Can travel make you smarter? | Column

I never feel more enlightened, more inspired, more educated than when I travel, especially to far-flung and exotic places. Without fail, I come back a different person, feeling enriched and full of gratitude for what life has to offer.

I never feel more enlightened, more inspired, more educated than when I travel, especially to far-flung and exotic places. Without fail, I come back a different person, feeling enriched and full of gratitude for what life has to offer.

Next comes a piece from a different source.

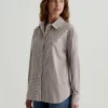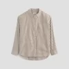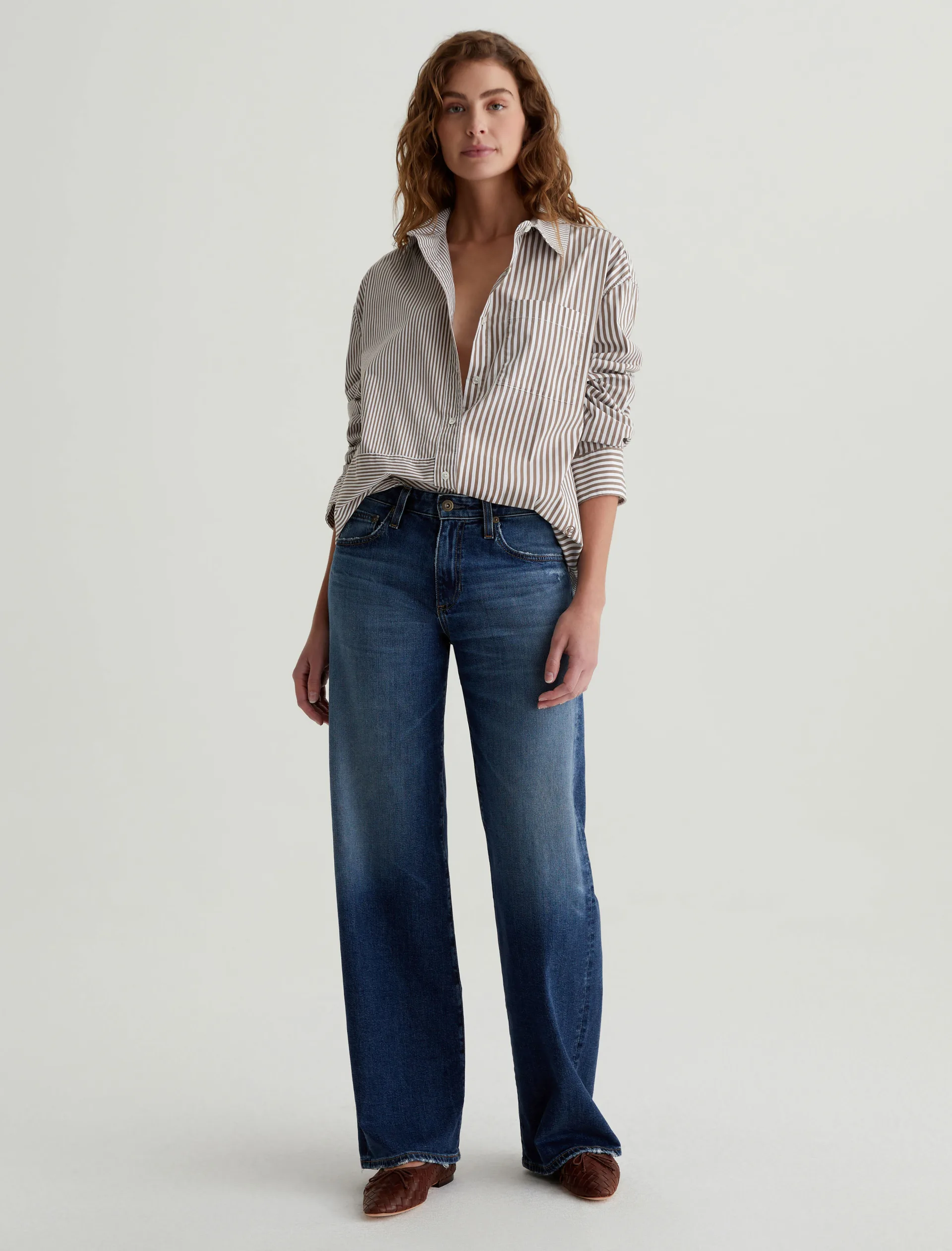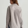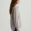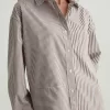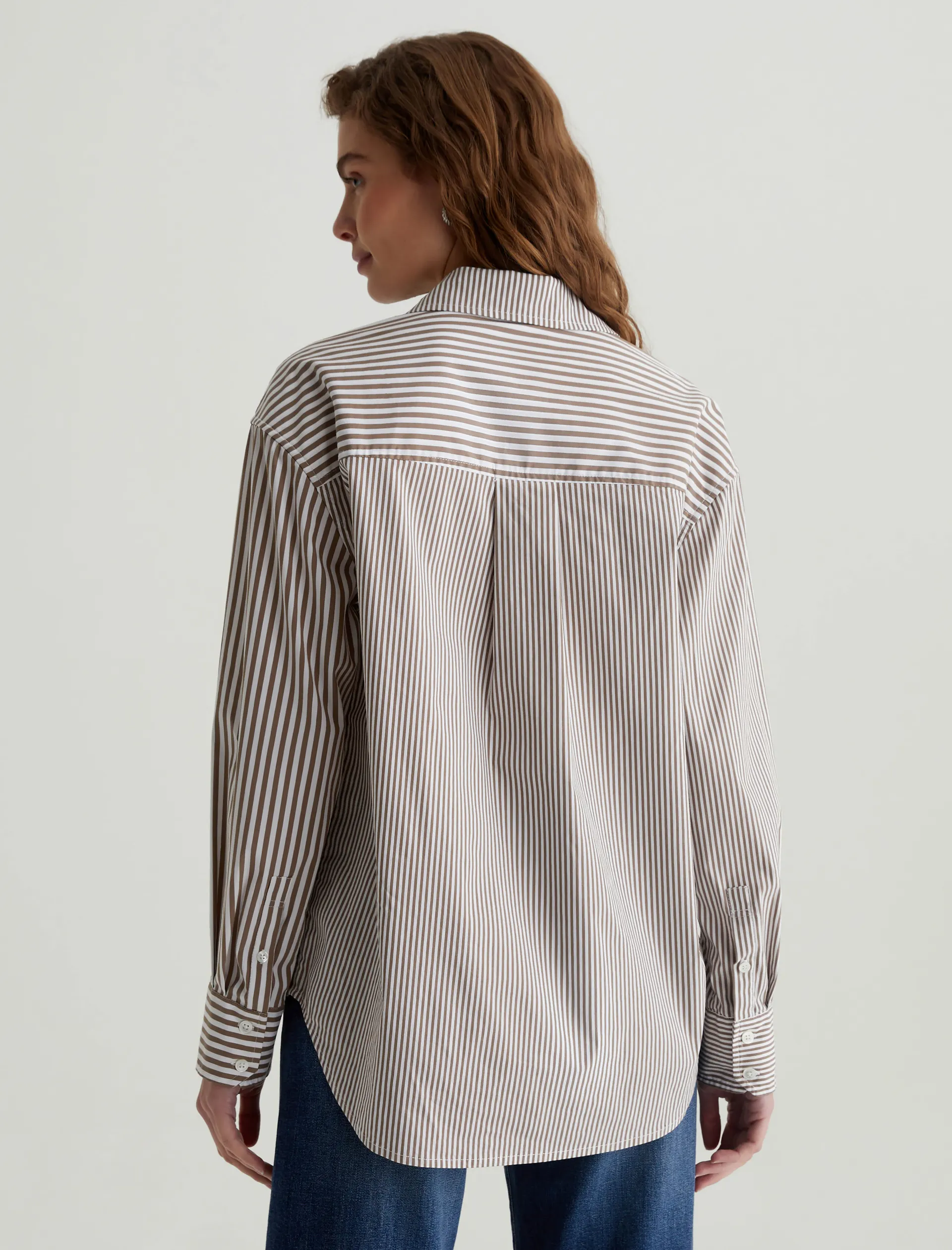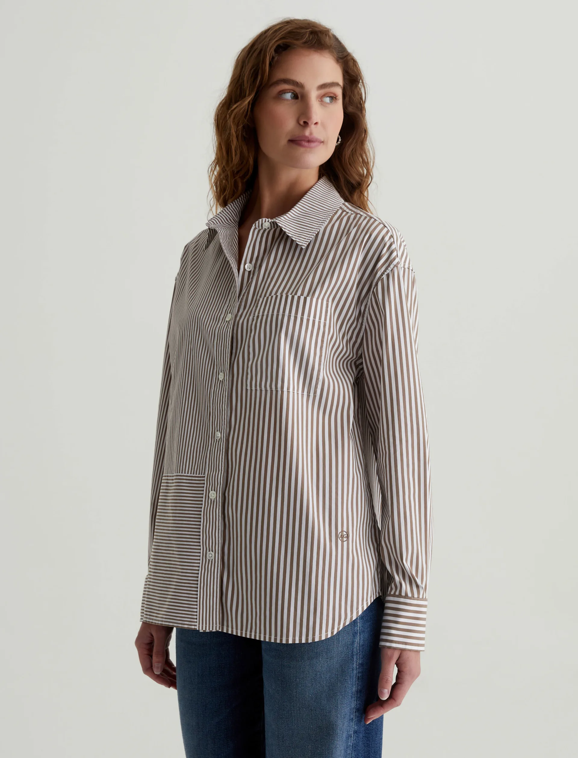 The Addison Shirt takes inspiration from vintage men’s styles. Cut from stretch cotton-nylon poplin, it’s patterned with a mix of vertical stripes and horizontal stripe paneling. This long-sleeve button-up has a relaxed, oversized fit featuring a pointed collar, dropped shoulders, and a shirttail hem. Finished by a sin

Traveling can broaden your horizon, both literally and figuratively speaking, and that is nothing new. As Mark Twain once famously said, “Travel is fatal to prejudice, bigotry and narrow-mindedness.” But can it also improve our mental capacities? Scientists in Germany, who conducted a recent study of how our minds respond to new experiences that come with travel and exploration, say yes. And it does not only apply to humans. Even the tiny brains of lab mice seem to benefit from roaming around.

For the study, the researchers kept 60 adult, female, genetically identical mice in a large enclosure that provided what they called an “enriched environment” where multiple objects and arrangements challenged the animals to interact with unfamiliar and changing surroundings. They divided them in three groups, one of which they exposed to the richest environment, providing numerous learning opportunities; the second group was limited to smaller, much less stimulating spaces; the third was used as the control group.

To measure the amount of encounters with new events each group faced for the duration of the experiment, a total of 105 days, the mice were outfitted with tracking devices and monitored with sensors placed all around them.

As it turned out, the group that was allowed the most exploratory activity clearly developed a greater amount of hippocampal neurogenesis, meaning they showed significantly more activity in the hippocampus, a region in the brain that is primarily responsible for learning, than their less adventurous, more homebound counterparts.

“Those who move around a lot have many more experiences,” said Dr. Gerd Kempermann, a neurologist and one of the authors of the study, in an interview with the German newsmagazine Der Spiegel. “The brains of active individuals produce additional neurons in anticipation of more experiences to come and to deal with them effectively.”

What are the implications for us humans, if any? “If experiences and lifestyle choices have such a great influence on the individual structure of the brain in mice, chances are that this happens for us even more so,” Dr. Kempermann added.

Other clinical studies have long suggested that stimulating the mind through lifetime learning can slow down, if not prevent, age-related mental decline like memory loss and dementia. A high level of education acquired early in life seems to be of advantage as well because already established neural connections become reinforced with later learning, a process that is known as “neural redundancy.”

Obviously, filling one’s passport with more stamps by itself does not add more IQ points.

But openness and curiosity, the willingness to question old views and convictions, and seeing the world from different angles can keep us young at heart, which includes the mind.